For this landscape photographer, I work many more dawn skies than actual sunrises, even with unblocked open views eastward. That is because sky colors are usually more saturated a bit earlier. Much depends on weather with atmospheric clarity and availability of clouds to reflect warm light. Water vapor in atmospheres block much light. The best conditions have low water vapor in lower atmospheres and high clouds above. The towering mountains of the Eastern Sierra Nevada more often have dry clear air, especially when viewing east from above 8,000 feet because the Great Basin to the east has much less water vapor and pollution versus areas west over urbanized California.
The below is downsized for web version of dawn from the west shore of huge Mono Lake at 6600 feet. Original is 5400 by 3600 pixels. Those are seagulls that nest on lake islands. They are eating for breakfast, brine shrimp and alkali brine flies off the surface. Unlike 95% of most other photographers, I don't jack up saturation or created fake color hues in my work, but rather prefer reasonably accurate experienced fidelity.

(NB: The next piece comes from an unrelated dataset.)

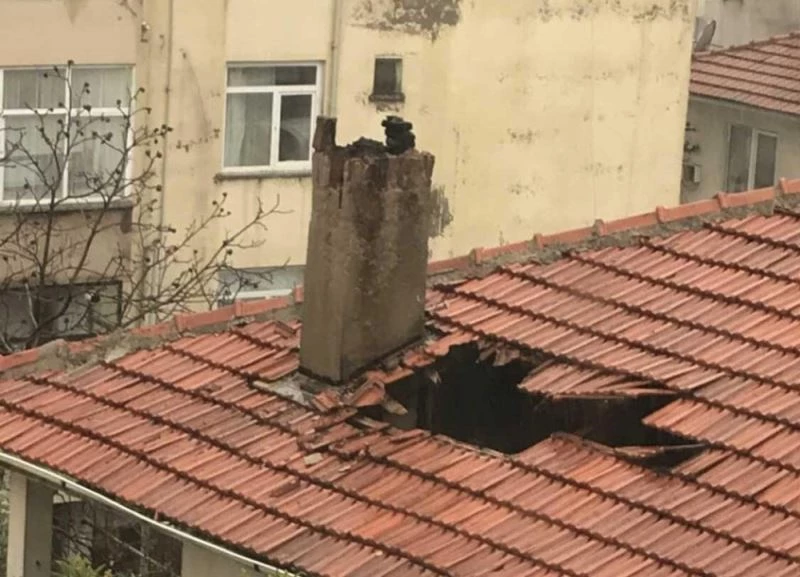 Fırtınada kopan bacanın parçası çatıda hasara neden oldu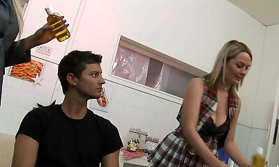 Bluttie Kat blonde gives Terry Red anal sex and blow-job

Another way to capture either sunrise or sunset light is not the sky itself but rather the warm light on landscapes. That is especially effective at high mountain altitudes due to clear air with low water vapor.
Colorful sunsets and dusk skies in my region are limited by heavy cool marine air with lots of water vapor to the extent it often forms fog. In the summer, the California sunsets are far less interesting than those further north in the Northwest because high pressure with few clouds but much fog is most common. Also, highest viewpoints are much lower, at most just a few thousand feet, and considerable lands are private residential owned with public lands at shore levels. Despite less, if I lived right on the coast, I'd be able to capture lots more good sunset skies because they do occur, just not common.